I once offered to sharpen some knives for a chef who I supervised. I told her I would take them on my day off and do them.Later on during my day off my Exec Chef rang me as the co worker had complained to the HR department that I took her knives.I still sharpened them and did not get so much as a thank you.Fortunately as I was her Sous chef she found she had many cleaning tasks and issues with her Mise/storage/labelling that she was previously unaware of.Have only sharpened one other persons knife since.


----------



## Crothcipt (Dec 12, 2012)

I have a couple of co workers that want me to teach them how to use stones. One guy keeps telling me he wants to get a good tri. stone. I keep telling him that he wont like it with Japanese Knives. One co worker loves to just sit and run the blades on a steel while not busy. He gets them sharp with a very thin wire edge. I try to explain why he shouldn't do that, but its not his knife so who cares.

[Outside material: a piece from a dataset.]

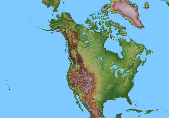 本土地势东西高,中间低,明显分为三个纵列带。东部为蜿蜒的阿巴拉契亚山地和沿海平原。中部为平原,一般海拔在500米以下。西部为科迪勒拉山系构成的高原和山地,包括落基山脉、海岸山脉、内华达山脉、喀斯喀特岭以及山间内陆高原和盆地。位于阿拉斯加州的麦金利山海拔6193米,为全国最高峰。内华达山东侧低于海平面85米的死谷是北美洲陆地最低点。主要河流有密西西比河、圣劳伦斯河、哥伦比亚河等。东北边境的苏必利尔湖、密歇根湖、休伦湖、伊利湖和安大略湖等为世界最大的淡水湖群。

As for op I would just get it sharp and explain why you aren't fixing any issues the knife has. If they would like to learn how not to continue to ruin the knife, and how to fix the stuff you would be more than happy to teach. After the second time of sharpening I would make them learn, or have dull knives.


----------



## quantumcloud509 (Dec 12, 2012)

Dang, you guys have some freakish stories going around here


----------



## [email protected] (Dec 14, 2012)

I remember that Jon had to learn how to sharpen for others/clients in Japan. His teachers were saying that it can't be too extreme of the edges when sharpening for others (especially if you haven't seen how this person uses and cares for knives). The key was really to find a happy medium of sharpness and durability. Once you know the how the person is with the knives, you can of course adjust sharpening to better suit that person.


----------



## bieniek (Dec 15, 2012)

5 years ago I would sharpen every knife. Just for the fun of it. 

I once refurbed MAC [spent like 12 hours] just to find it broken ofter first few days laying in the sink. After that my enthusiasm dropped a little. 
Still would do funny projects for free, like polishing tuna sword up. 

No wiktorinox though


----------